AMY GOODMAN: Well, last point. I asked you about Google and Apple, Tim Dickinson. If you could just explain what they do, as we wrap up?
TIM DICKINSON: So, Apple has this amazing deal, where they’ve got essentially a shadow company in Ireland. And it’s incorporated in Ireland, but for Irish purposes, it’s an American company, and for American purposes, it’s an Irish company. And so you end up with this black hole of taxation where in fact this Apple subsidiary files a tax return to no government in the world. And so, it can use all kinds of accounting tricks to funnel money to this company, and they sit there essentially absolutely untaxed. Just there’s no tax return. And so you have billions of dollars sitting there. And again, when Apple needs billions of dollars to fund its American operations, it has bond offerings, and its cost of borrowing here in the United States is incredibly low. Just investors are virtually paying Apple to raise this money, because it’s secured by these massive piles of cash, technically abroad, although they’re actually banked reportedly in Manhattan. And so, you know, I believe that this is a phenomenon—really, I mean, we talk about it as a right-wing phenomenon, but it has infected both parties, that there is no meaningful party out there that is trying to address this. In fact, both parties now agree that there should be a—we should shave 10 percentage points off the tax rate, get the American corporate tax rate down to 25 percent. That’s a race to the bottom that America can’t win. There’s no way to run a global superpower and compete with low-tax nations like Ireland.

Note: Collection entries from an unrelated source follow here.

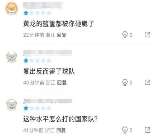 本轮浙江德比,双方贡献了一场打铁大战,在对方孙铭徽和布朗手感都不太理想的情况下,程帅澎也并没有把握住机会,帮助球队取胜。全场比赛他首发出战25分钟,10中0,三分球6中0,仅靠罚球得到2分。有球迷直言:这状态就别去霍霍国家队了。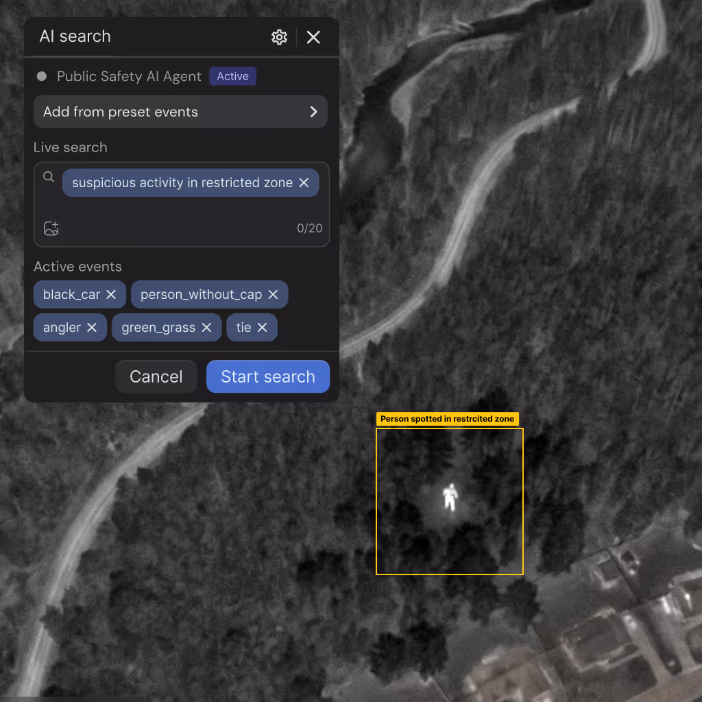 Identifies vehicles, people, and heat signatures with count type and license plate details automatically during operations.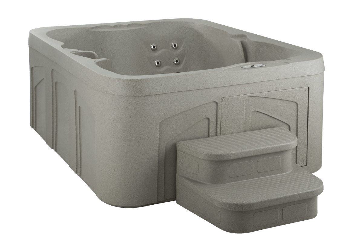 Deep and spacious, the Azure spa provides the perfect antidote to aches and pains. Massage your tired feet on perfectly placed foot-jets or lean back and enjoy the comfortable lounge seat. This spa also features a serene waterfall, an LED underwater light, and Plug-N-Play technology. It weighs less than 350 lbs. without water, so go ahead, take it with you wherever you go!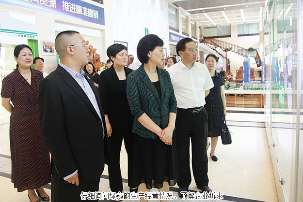 調(diào)研過程中,中共湖南省委常委、省委統(tǒng)戰(zhàn)部部長黃蘭香一行先后參觀了綠之韻集團黨建文化教育基地、職工之家以及多功能產(chǎn)品展示廳。在公司多功能產(chǎn)品展示廳,綠之韻“韻宜生”“綠韻蘭茜”“享居”等系列產(chǎn)品引起了各位領導的濃厚興趣。胡國安董事長介紹到,自創(chuàng)立以來,綠之韻堅持“以產(chǎn)品為導向”的發(fā)展理念,所推出的產(chǎn)品都緊緊圍繞綠色、天然和“清調(diào)補衡”養(yǎng)生理念,以產(chǎn)、學、研結合為模式先后與多所國家重點大學、科研院所達成戰(zhàn)略合作,聚集了一支以工程院院士、專家教授為骨干的產(chǎn)品研發(fā)團隊。為確保產(chǎn)品品質(zhì),綠之韻立足服務三農(nóng),以遍布全國的六大生產(chǎn)基地為重要依托,從原料、研發(fā)、生產(chǎn)、物流和銷售等環(huán)節(jié)層層把關,著力打造綠之韻大健康全產(chǎn)業(yè)鏈。公司生產(chǎn)的蘆薈膠、螺旋藻、日用品等系列產(chǎn)品暢銷十多年,依然為消費者津津樂道?!秉S蘭香部長一邊聆聽匯報,一邊仔細詢問企業(yè)生產(chǎn)經(jīng)營情況。

But I just need to emphasize that this is truly a bipartisan scenario. Both parties are pushing corporate tax holidays. Both parties are pushing to lower the corporate rate, even though the rate that—effective rate that companies pay here on their profits is actually, in many cases, lower than the efective rate they pay in other countries.
AMY GOODMAN: Tim Dickinson, we want to thank you for being with us, covering national affairs for Rolling Stone, where he’s contributing editor. We’ll link to your latest piece, which is called "The Biggest Tax Scam Ever," speaking to us from Portland, Oregon. And thanks so much to James Henry, the former chief economist for McKinsey & Company, lawyer and senior adviser with the Tax Justice Network.